In my java web application when I upload a Zip file (thread dump), I get inputstream
in servlet. I use the Zip4j library to unzip the file and then write it into a file. This zip file has multi encoded content (UTF-8, windows-1252, ISO-8859-1, ISO-8859-2, IBM424_rtl). When I open the output file, I see some characters like this Mac OS X 2 € ² ATTR ² ˜
Here is a sample code. Can you please let me know how can I fix this issue?

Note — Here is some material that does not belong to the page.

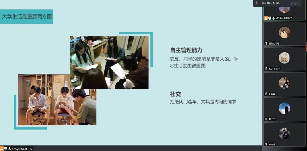 在吕灵老师说完后,由同学们进行连麦,然后由学工老师进行详细解答并提出相关有关这方面的建议。同学们十分踊跃地进行连麦,老师们也很热情地给予同学们解答,让同学在大学少走弯路。

// Using Zip4j library to uncompress ZIP format
ZipInputStream zis = new ZipInputStream(iStream);
FileOutputStream zos = new FileOutputStream("output_file.txt");
ByteArrayOutputStream out = new ByteArrayOutputStream();
LocalFileHeader localFileHeader = zis.getNextEntry();
while (localFileHeader != null) {
if(localFileHeader.isDirectory()) {
localFileHeader = zis.getNextEntry();
continue;
}
IOUtils.copy(zis, out);
localFileHeader = zis.getNextEntry();
}
InputStreamReader isr = new InputStreamReader(new ByteArrayInputStream(out.toByteArray()));
BufferedReader reader = new BufferedReader(isr);
String str;
while ((str = reader.readLine()) != null) {
// This is a custom method that will return the charset of the input string using apache tikka library
String encoding = CharsetDetector.detectCharset(str);
zos.write(str.getBytes(encoding));
zos.write("\n".getBytes());
}
isr.close();
reader.close();
zos.close();
zis.close();
// Method is used to detect charset
public static String detectCharset(String text) throws IOException {
org.apache.tika.parser.txt.CharsetDetector detector = new org.apache.tika.parser.txt.CharsetDetector();
detector.setText(text.getBytes());
String charset = detector.detect().getName();
return charset;
}
Note: I am running application on windows machine.
Thanks in advance!